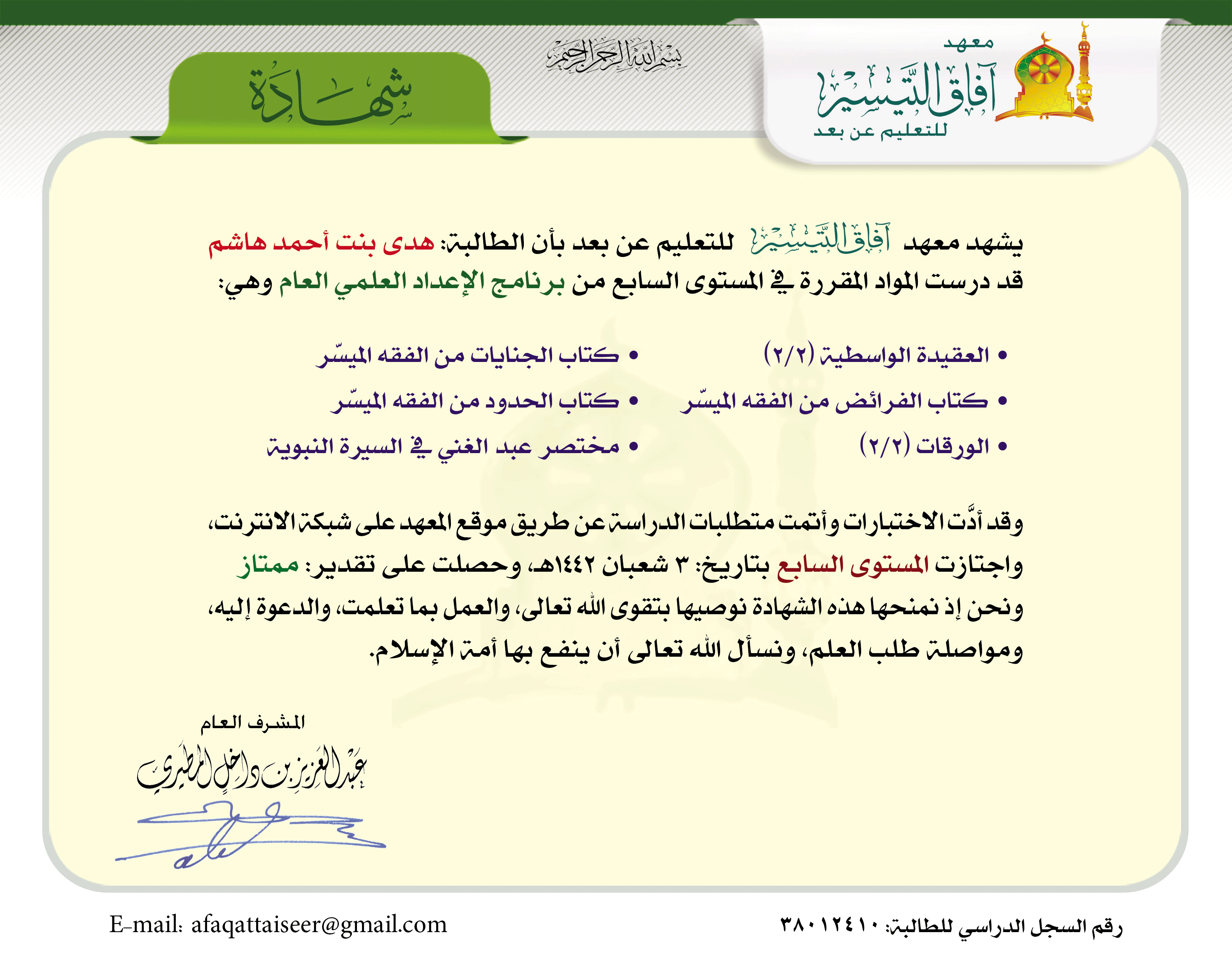 سجل الطالبة: هدى أحمد هاشم
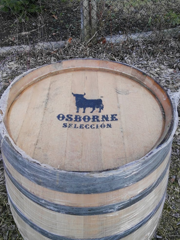 Innen entströmt noch der restliche Duft des spanischen Osborne, außen sind die Fässer neu abgeschliffen und zur farblichen Veredlung bereit.
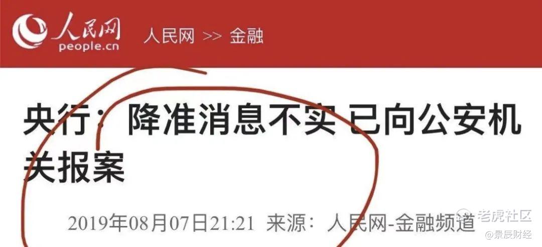 2019年8月7日,央行就不實的降準消息向公安機關報案。
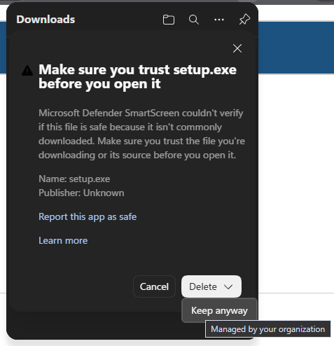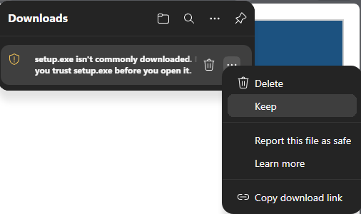 Klicka därefter på ”Keep” för att tillåta att installationsprogrammet för betaklienten sparas till din enhet/dator.
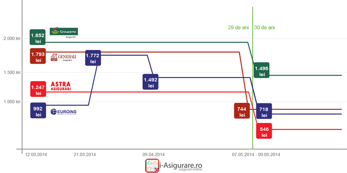 Pentru exemplificare, am ales o persoana cu varsta de 29 ani, ce urmeaza sa implineasca 30 de ani la sfarsitul lunii mai, cu domiciliul in Bucuresti. Este posesoare a unei masini Mercedes, ce are capacitatea cilindrica de 2148 cm3 si o putere de 90 kW, cu istoric pozitiv, fara daune – o clasa de bonus B9. Am urmarit evolutia preturilor RCA in intervalul 12 martie 2014 – 14 mai 2014. De ce 29 si nu 24 de ani? Pentru ca diferentele de pret sunt considerabile. De asemenea, exista situatii in care preturile fluctueaza in lunile predecesoare implinirii varstei de 30 de ani. Practic, varsta de 30 de ani reprezinta un element cheie in calcului asigurarii.
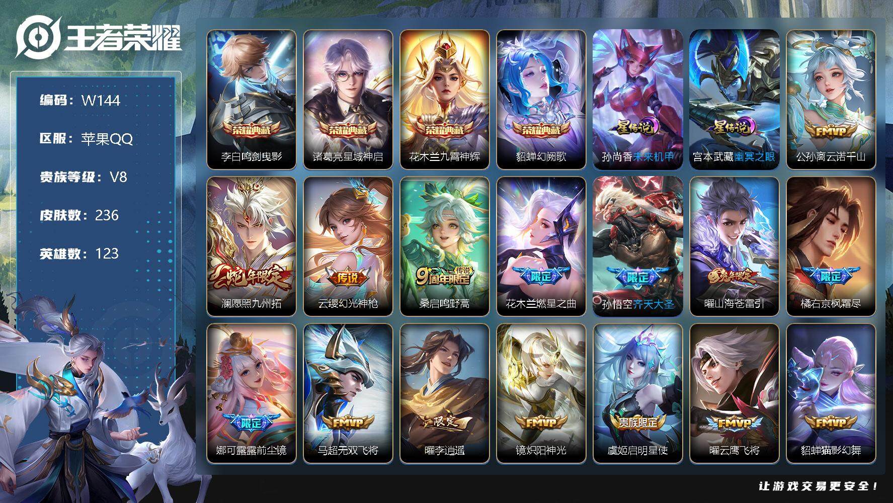 【W144】打野36段-苹果QQ-无二次-贵8-123英雄-236皮肤-4典藏
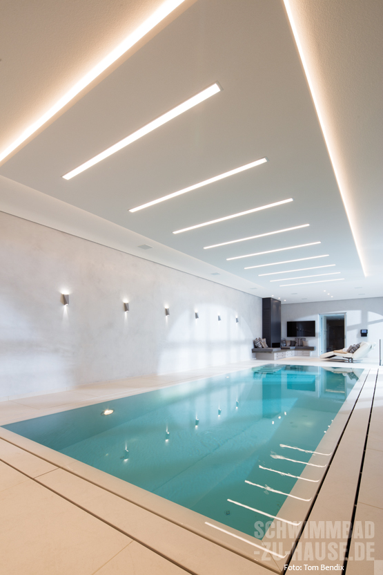 Die sportbewussten Bauherren hatten bereits Erfahrungen mit einem privaten Schwimmbad. Auch in ihrem neuen Anwesen wollten sie nicht auf Fitness & Wellness zu Hause verzichten und entschlossen sich deshalb, die neue Sport- und Spa-Welt noch ein bisschen großzügiger zu gestalten. Mithilfe erfahrener Profis können sie heute Belastung und Regeneration verbinden, denn im Haus steht ihnen nun nicht nur ein elegantes Hallenbad, sondern auch eine Sauna zur Verfügung.
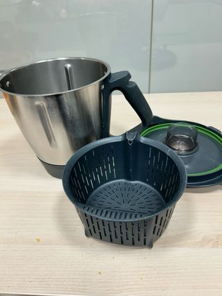 ¿Quieres un robot tipo “todo en uno” sin pagar lo que cuesta una Thermomix??Vendo robot de cocina Masterpro de 3,5L de capacidad y 1300W de potencia, ideal para preparar comidas para toda la familia. Con WiFi para descargar recetas y pantalla táctil de 5”, solo tienes que seguir los pasos en la pantalla y él hace el trabajo. Incluye todo lo que ves: • Robot de cocina • Caja original • Manual de instrucciones • Accesorios: vaporera, cesta de vapor, procesador de alimentos, tapa, batidor, paleta, cuchilla y espátula. Funciona perfectamente. Tiene solo una pequeña tapa rota que no afecta al uso (3a foto). Se vende por falta de uso.

_____

Give back every record precisely as it stands, without the images.

 سجل الطالبة: هدى أحمد هاشم
 Innen entströmt noch der restliche Duft des spanischen Osborne, außen sind die Fässer neu abgeschliffen und zur farblichen Veredlung bereit.
 2019年8月7日,央行就不實的降準消息向公安機關報案。
 Klicka därefter på ”Keep” för att tillåta att installationsprogrammet för betaklienten sparas till din enhet/dator.
 Pentru exemplificare, am ales o persoana cu varsta de 29 ani, ce urmeaza sa implineasca 30 de ani la sfarsitul lunii mai, cu domiciliul in Bucuresti. Este posesoare a unei masini Mercedes, ce are capacitatea cilindrica de 2148 cm3 si o putere de 90 kW, cu istoric pozitiv, fara daune – o clasa de bonus B9. Am urmarit evolutia preturilor RCA in intervalul 12 martie 2014 – 14 mai 2014. De ce 29 si nu 24 de ani? Pentru ca diferentele de pret sunt considerabile. De asemenea, exista situatii in care preturile fluctueaza in lunile predecesoare implinirii varstei de 30 de ani. Practic, varsta de 30 de ani reprezinta un element cheie in calcului asigurarii.
 【W144】打野36段-苹果QQ-无二次-贵8-123英雄-236皮肤-4典藏
 Die sportbewussten Bauherren hatten bereits Erfahrungen mit einem privaten Schwimmbad. Auch in ihrem neuen Anwesen wollten sie nicht auf Fitness & Wellness zu Hause verzichten und entschlossen sich deshalb, die neue Sport- und Spa-Welt noch ein bisschen großzügiger zu gestalten. Mithilfe erfahrener Profis können sie heute Belastung und Regeneration verbinden, denn im Haus steht ihnen nun nicht nur ein elegantes Hallenbad, sondern auch eine Sauna zur Verfügung.
 ¿Quieres un robot tipo “todo en uno” sin pagar lo que cuesta una Thermomix??Vendo robot de cocina Masterpro de 3,5L de capacidad y 1300W de potencia, ideal para preparar comidas para toda la familia. Con WiFi para descargar recetas y pantalla táctil de 5”, solo tienes que seguir los pasos en la pantalla y él hace el trabajo. Incluye todo lo que ves: • Robot de cocina • Caja original • Manual de instrucciones • Accesorios: vaporera, cesta de vapor, procesador de alimentos, tapa, batidor, paleta, cuchilla y espátula. Funciona perfectamente. Tiene solo una pequeña tapa rota que no afecta al uso (3a foto). Se vende por falta de uso.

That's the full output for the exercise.